■ Work required:
Return exactly the lines of the data below, from the one that contains "作为一家从事创新和高品质药品" through the final line, and leave out every picture.

■ Dataset excerpt:
- - -
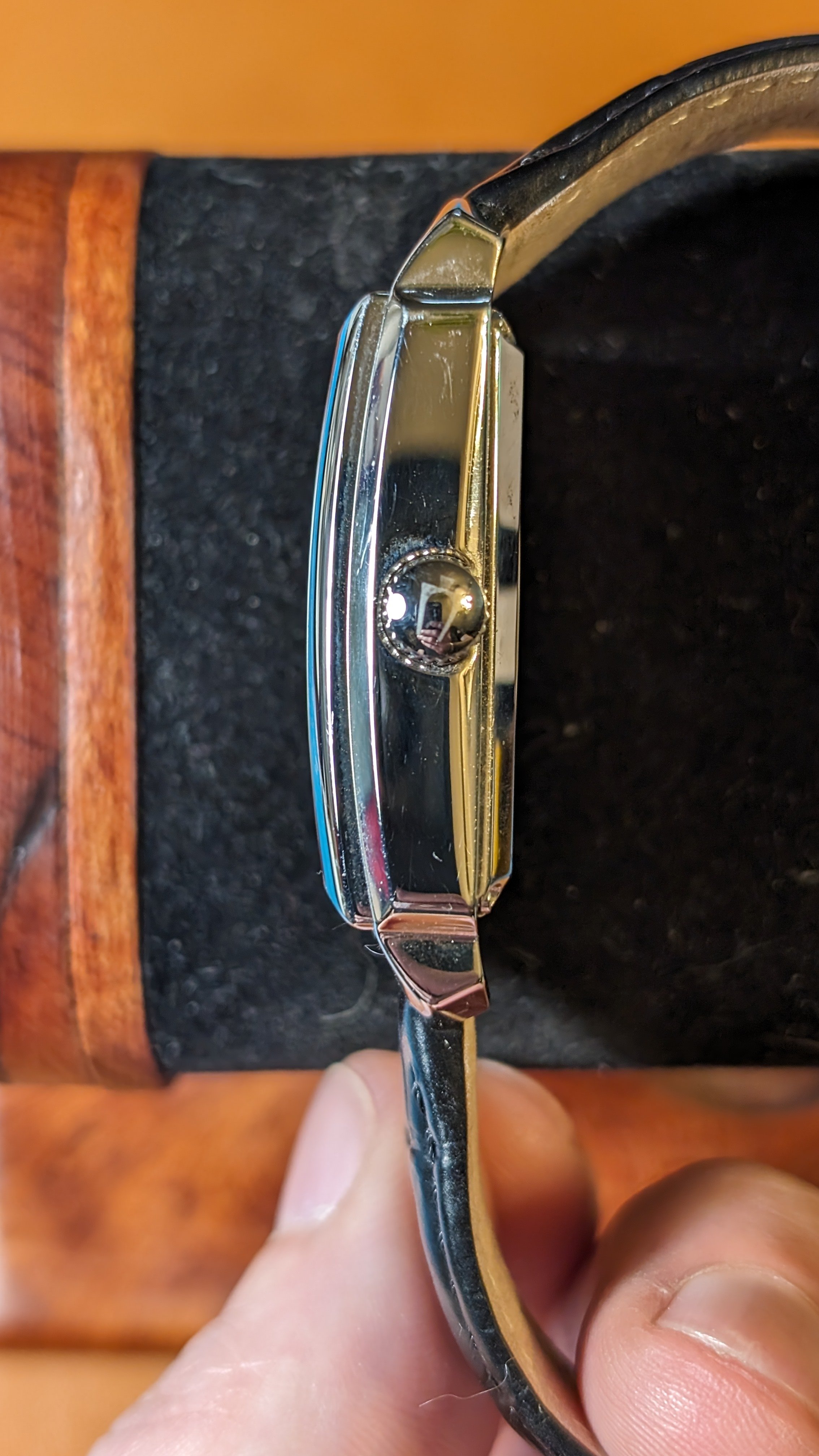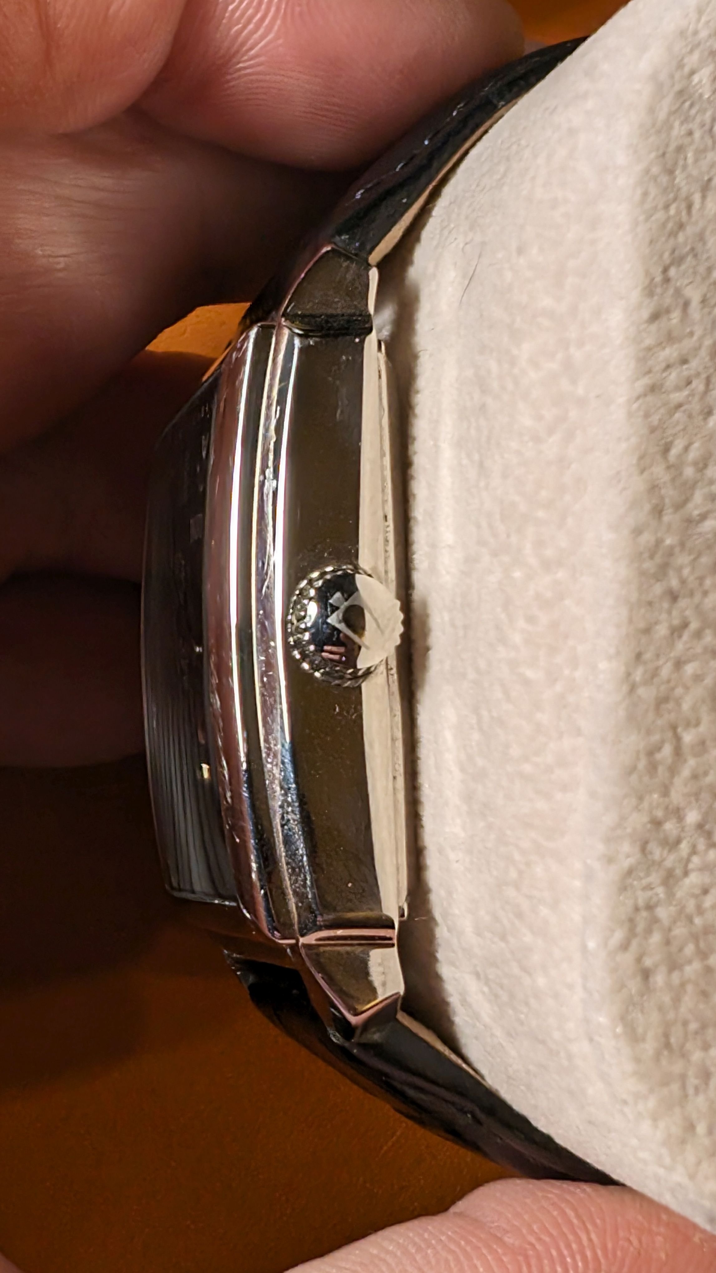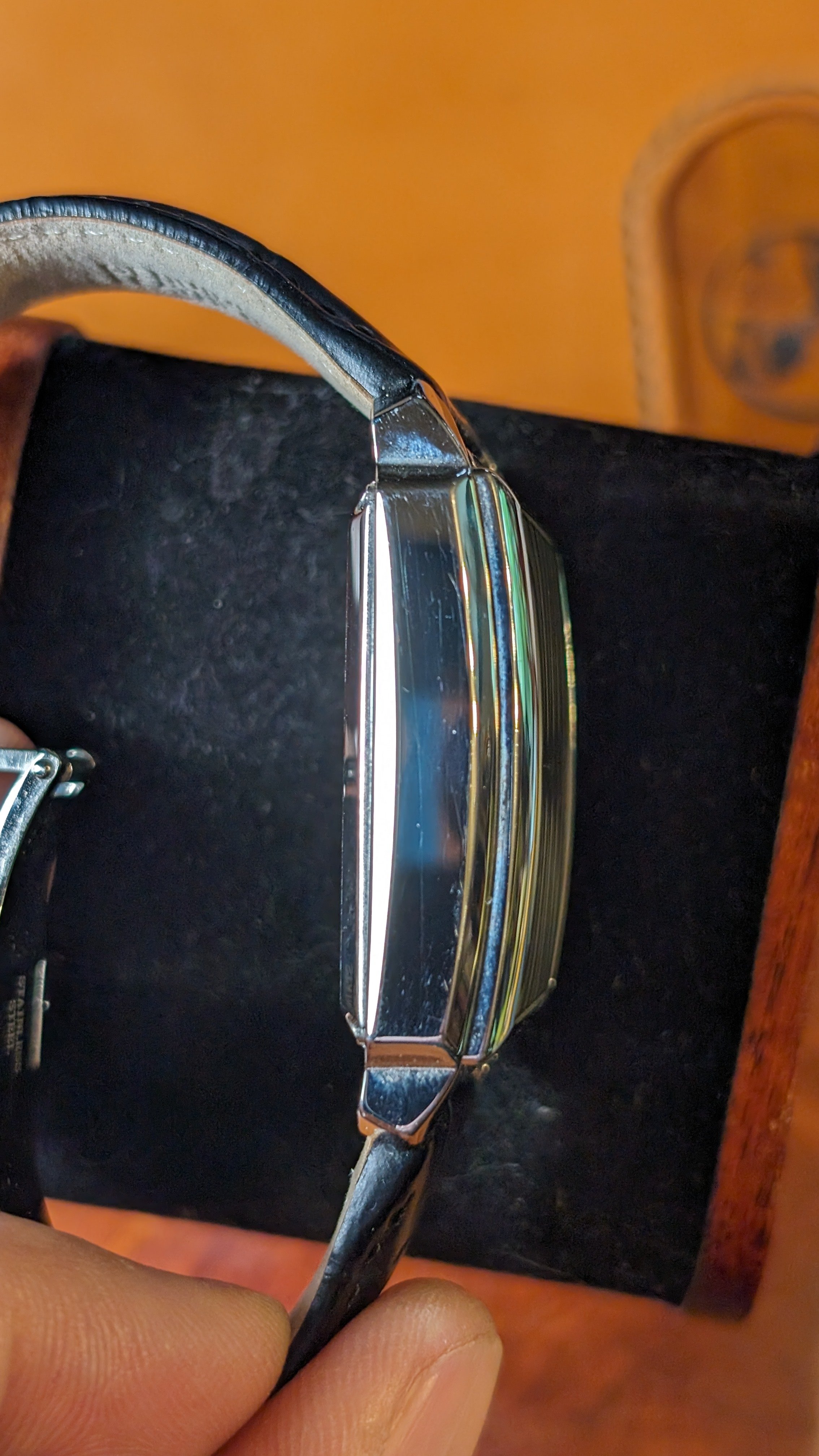 Strap: Original 22mm alligator-grain leather strap with rare, signed deployant clasp that I sourced myself (original pin buckle included)
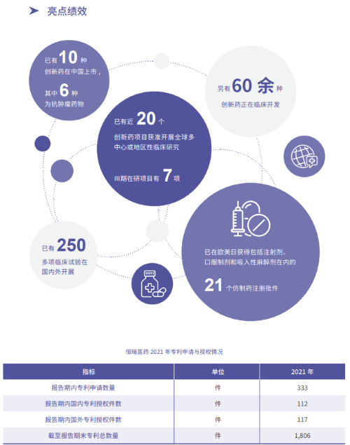 作为一家从事创新和高品质药品研制及推广的民族制药企业,恒瑞医药2021年继续秉持“科技为本,为人类创造健康生活”的使命,紧紧围绕医药创新,持续创造社会价值。
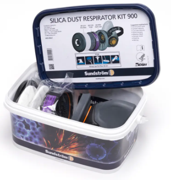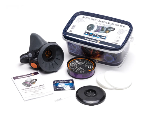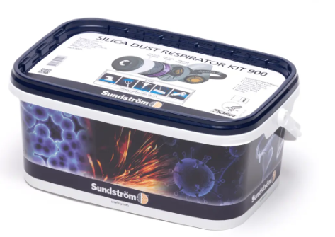 SR 900 L, SR 510 P100 (1), SR 221 prefilter (10), prefilter holder, SR 5226 cleaning wipe SR 368 ID tag and storage box. Can be used for concrete, stone, cement, fracking and more. Can be converted to a remote filter respirator by adding SR 905 system.
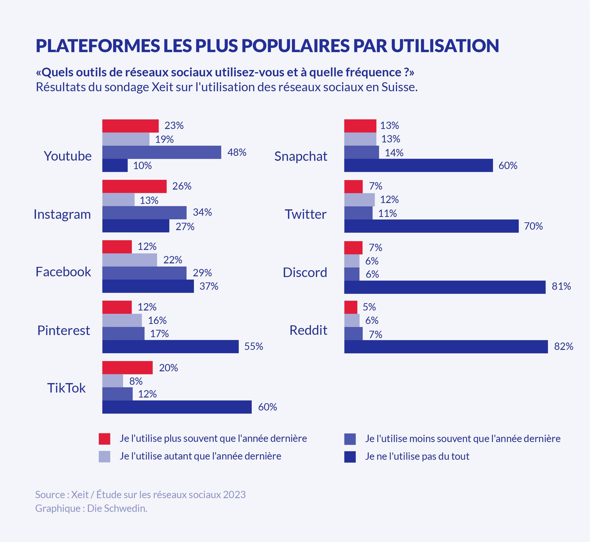 Les réseaux sociaux de prédilection des Suisses sont Facebook et Instagram
- - -
■ Answer to this exercise:
 作为一家从事创新和高品质药品研制及推广的民族制药企业,恒瑞医药2021年继续秉持“科技为本,为人类创造健康生活”的使命,紧紧围绕医药创新,持续创造社会价值。
 SR 900 L, SR 510 P100 (1), SR 221 prefilter (10), prefilter holder, SR 5226 cleaning wipe SR 368 ID tag and storage box. Can be used for concrete, stone, cement, fracking and more. Can be converted to a remote filter respirator by adding SR 905 system.
 Les réseaux sociaux de prédilection des Suisses sont Facebook et Instagram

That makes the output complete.